Но разве одни рассказы привлекали нас к няне? У нее всегда был лакомый кусок для нас — всякие сласти: заповедные баночки с груздочками, рыжиками и вареньем, всегда кипел самоварчик и была мята и малина, чтобы напоить, если головка болит или глазки невеселые… Был, наконец, заветный желтый сундук, предмет всех детских вожделений… Там, в этом сундуке, который раскрывался в особенно добрые минуты, на крышке виднелись налепленные картинки с конфет, которые мы великодушно дарили няне, съев содержимое, и теперь имели вновь прелесть новизны для нас… В сундуке, как у прохожего венгерца, лежали накопленные десятками лет различные материи, шерстяные и ситцевые, с цветочками и без цветочков, подаренные дедушкой, мамочкой, дядей и историю которых мы охотно выслушивали.

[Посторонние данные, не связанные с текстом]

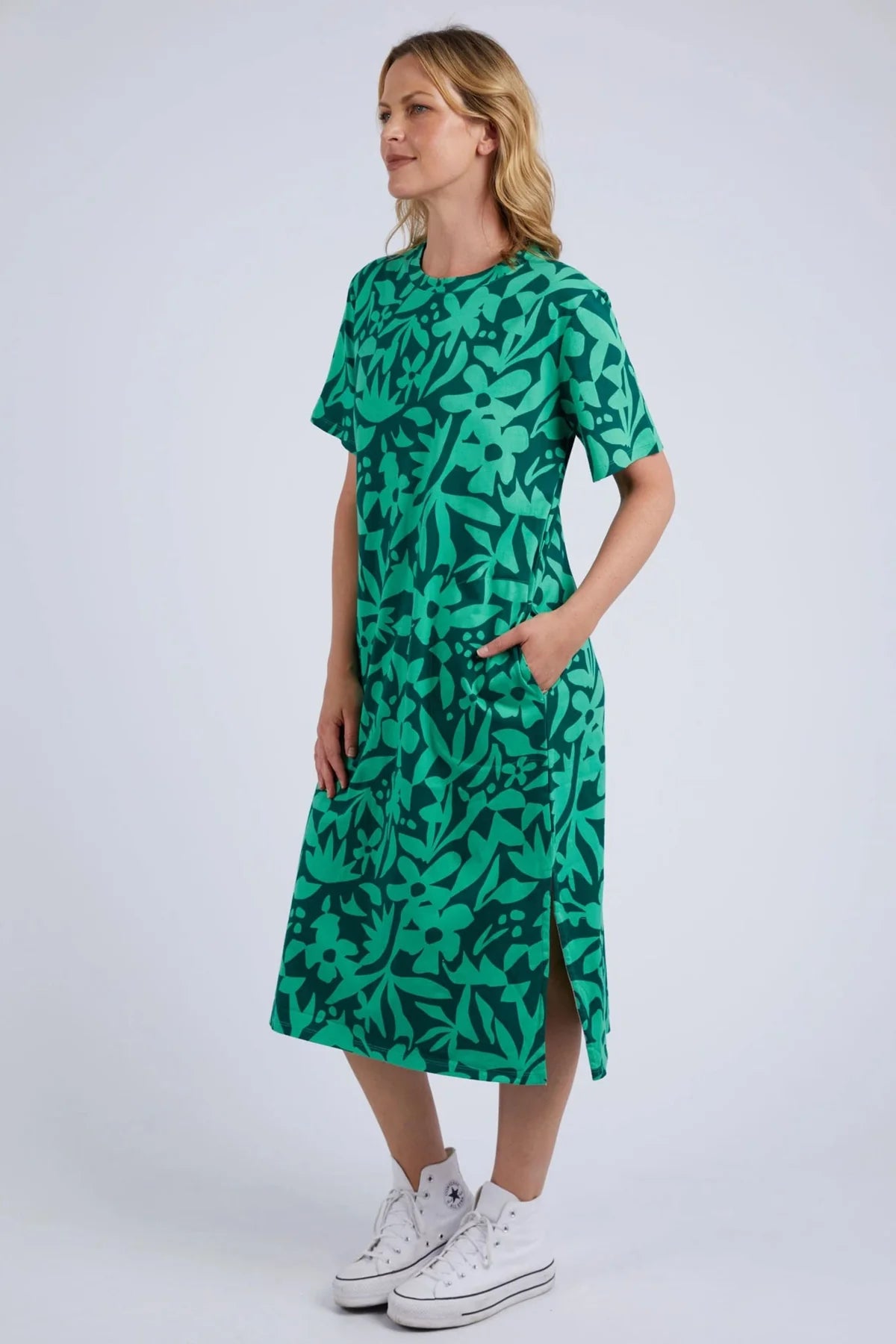 A simple Tee dress is a Summer essential and this new season style from Elm is a gorgeous choice for the upcoming season! Available in two colourways, this comfortable midi features an all-over stencil floral print with a straight fit through the body and classic crew neckline. Pair with your go-to sneakers for an easy weekend look.

Там же хранились разные табакерки, коробочки и прочая дребедень, которую дети так любят рассматривать, дай только волю их рукам и не стесняй любознательности.

Но все это пустяки, а дело-то в том, что няня в первые десять лет нашей жизни была единственным существом, с которым мы чувствовали себя свободно и которое не ломало нас; она одна, как умела и как могла, любила и ласкала нас, ее одну мы могли любить и ласкать без стеснения.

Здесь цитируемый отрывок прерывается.